*** Data for analysis Section Begins ***
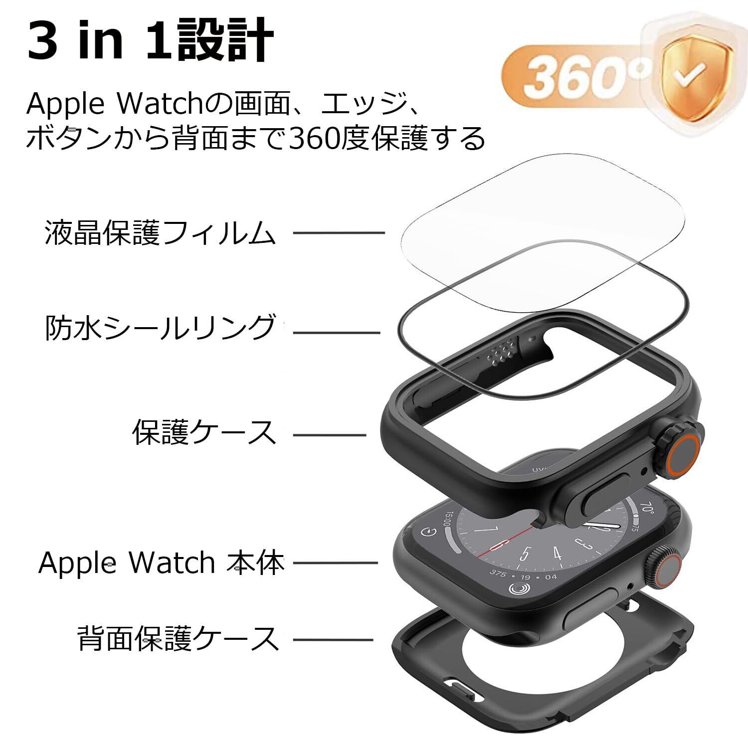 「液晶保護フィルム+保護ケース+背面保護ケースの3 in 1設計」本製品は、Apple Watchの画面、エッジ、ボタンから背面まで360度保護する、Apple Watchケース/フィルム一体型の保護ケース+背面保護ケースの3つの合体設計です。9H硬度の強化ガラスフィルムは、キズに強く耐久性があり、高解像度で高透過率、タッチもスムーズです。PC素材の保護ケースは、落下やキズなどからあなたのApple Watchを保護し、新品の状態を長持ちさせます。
*** Data for analysis Section Ends ***
*** Data for analysis Section Begins ***
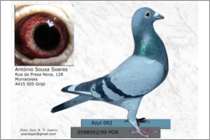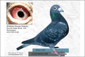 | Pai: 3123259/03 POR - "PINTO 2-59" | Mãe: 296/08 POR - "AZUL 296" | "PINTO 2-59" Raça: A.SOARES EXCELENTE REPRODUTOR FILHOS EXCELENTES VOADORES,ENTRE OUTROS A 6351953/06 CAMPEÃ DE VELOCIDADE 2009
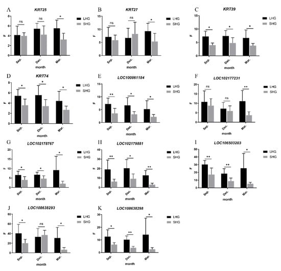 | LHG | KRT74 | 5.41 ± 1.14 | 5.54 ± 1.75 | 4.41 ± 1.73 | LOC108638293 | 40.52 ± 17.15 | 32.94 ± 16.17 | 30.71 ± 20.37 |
*** Data for analysis Section Ends ***
**Instructions for the task:** What do the entries above read from the line containing "DE VELOCIDADE 2009" through the line containing "30.71 ± 20.37 |"? Output those lines exactly, both ends included, with the pictures left out.

**Output for this exercise:**
 | Pai: 3123259/03 POR - "PINTO 2-59" | Mãe: 296/08 POR - "AZUL 296" | "PINTO 2-59" Raça: A.SOARES EXCELENTE REPRODUTOR FILHOS EXCELENTES VOADORES,ENTRE OUTROS A 6351953/06 CAMPEÃ DE VELOCIDADE 2009
 | LHG | KRT74 | 5.41 ± 1.14 | 5.54 ± 1.75 | 4.41 ± 1.73 | LOC108638293 | 40.52 ± 17.15 | 32.94 ± 16.17 | 30.71 ± 20.37 |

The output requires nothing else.